→ INSTRUCTIONS TO FOLLOW
Only lines, not pictures: please repeat exactly the lines from the one with "Элегантное свадебное платье" through the end of the listing.

→ SUPPLIED DATA
..........
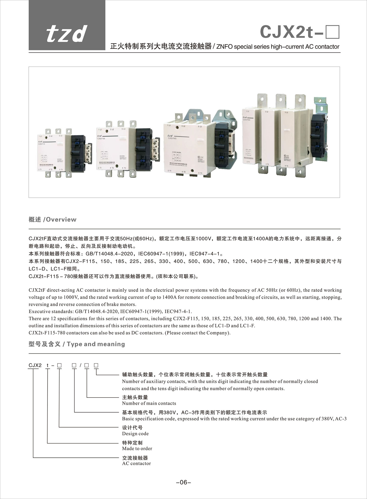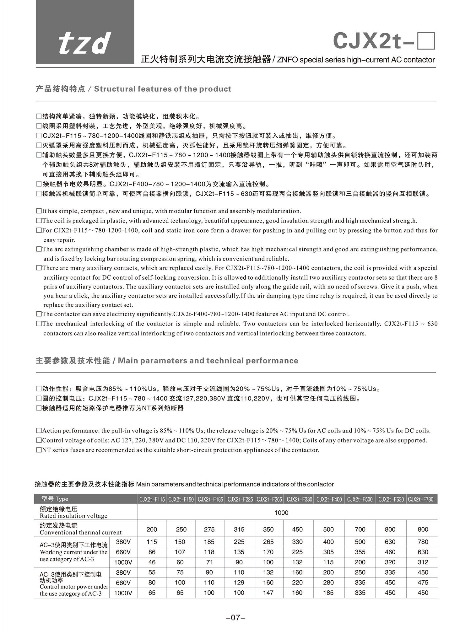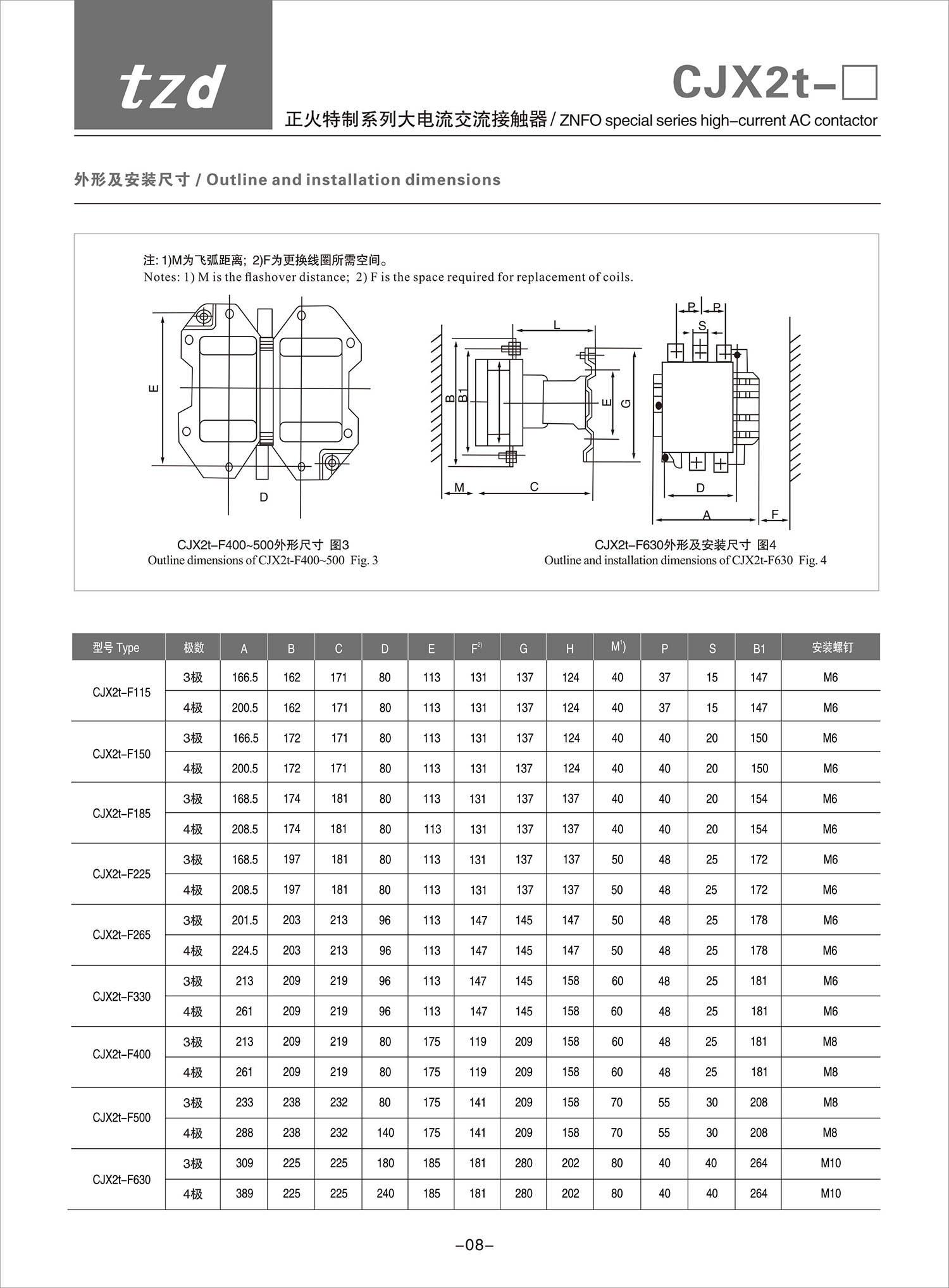 CJX2t-F suncitygroup太阳集团特制系列大电流交流接触器产品说明书
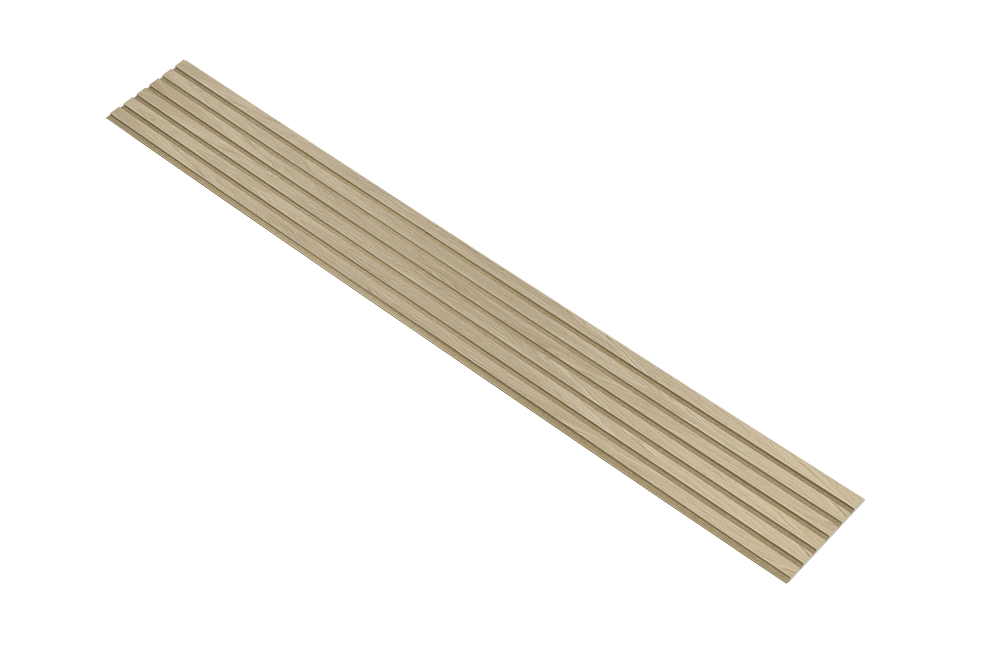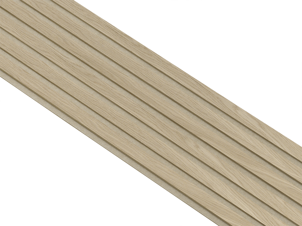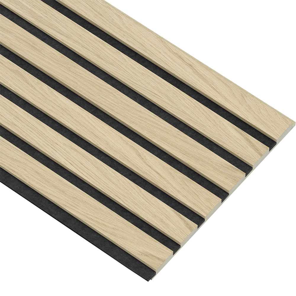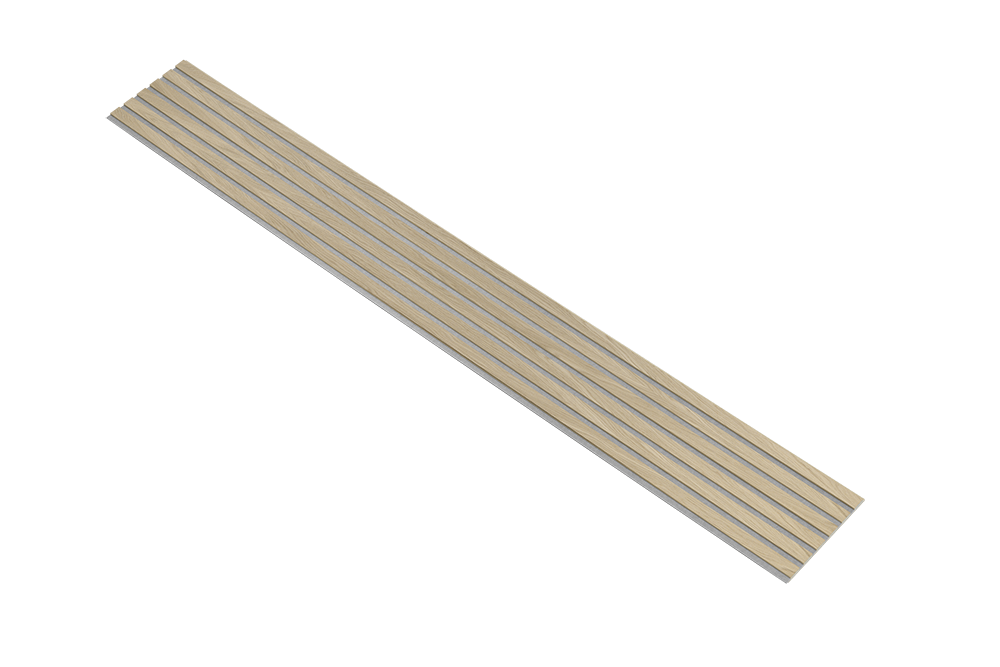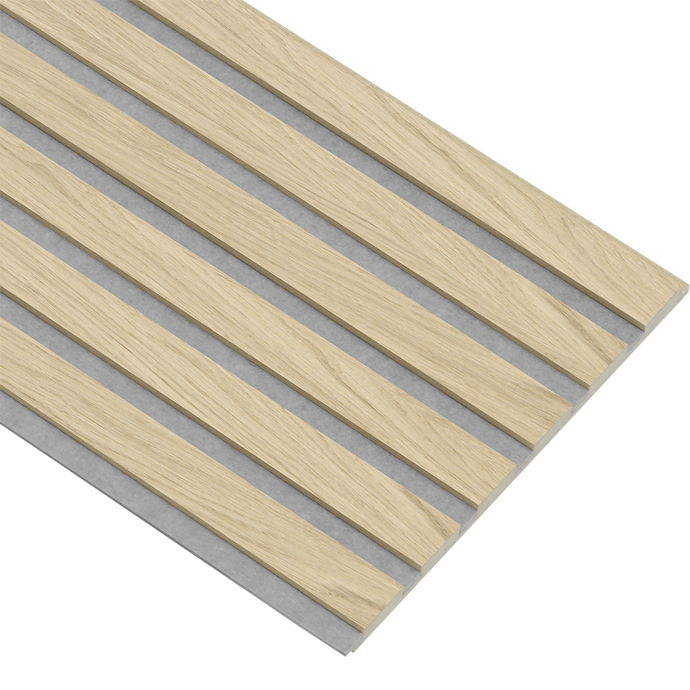 I-Wood Basic akustikpanel i MDF med egefinér og almindelig kerne. Panelet er natur (ubehandlet) med beige filt, der giver et lyst og varmt udtryk.
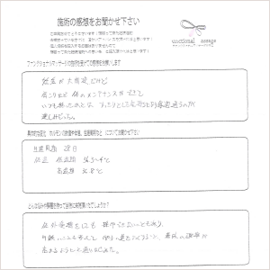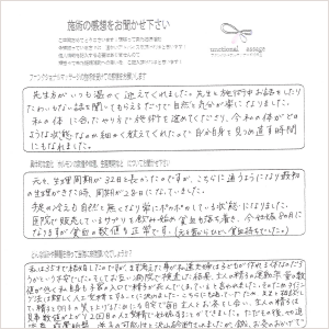 先生と施術中お話をしたりたわいもない話を聞いてもらえるだけで自然と気分が楽になりました。
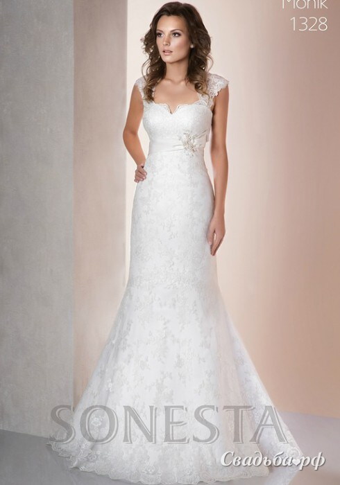 Элегантное свадебное платье со скромной зоной декольте, кружевными плечиками и пикантным вырезом на спине подчеркнёт ваш женственный образ. Изящный корсет декорирован лентой и миниатюрным бантом под грудью. От середины бедра облегающий наряд начинает расширяться и постепенно переходит в шлейф.
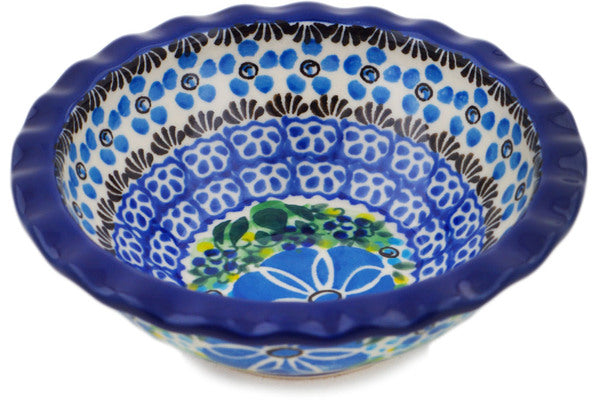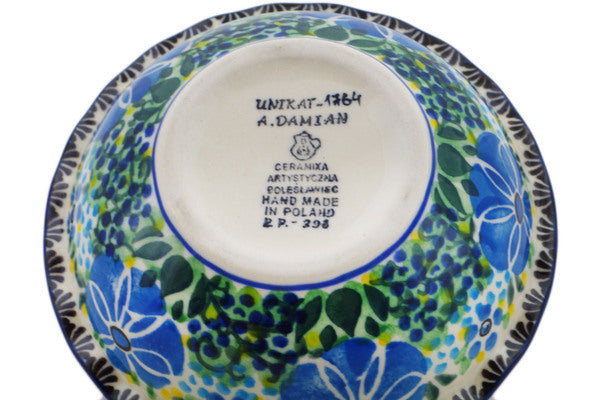 This Morning Glory 5" Bowl was handmade and hand decorated in Boleslawiec, Poland by skilled artisans according to old traditional methods. This is a Polish pottery Signature Unikat, which means that it has been hand painted with both sponges and brushes and it is signed by the artist who painted it. Unikat pieces are the most intricate works of art. Larger Unikat items take hours of very careful work to finish. This Polish stoneware is microwave, dishwasher, freezer, and oven safe up to 480°F. It does not contain lead or cadmium. It is part of the Morning Glory Collection.
..........
→ OUTPUT FOR THIS EXERCISE
 Элегантное свадебное платье со скромной зоной декольте, кружевными плечиками и пикантным вырезом на спине подчеркнёт ваш женственный образ. Изящный корсет декорирован лентой и миниатюрным бантом под грудью. От середины бедра облегающий наряд начинает расширяться и постепенно переходит в шлейф.
 This Morning Glory 5" Bowl was handmade and hand decorated in Boleslawiec, Poland by skilled artisans according to old traditional methods. This is a Polish pottery Signature Unikat, which means that it has been hand painted with both sponges and brushes and it is signed by the artist who painted it. Unikat pieces are the most intricate works of art. Larger Unikat items take hours of very careful work to finish. This Polish stoneware is microwave, dishwasher, freezer, and oven safe up to 480°F. It does not contain lead or cadmium. It is part of the Morning Glory Collection.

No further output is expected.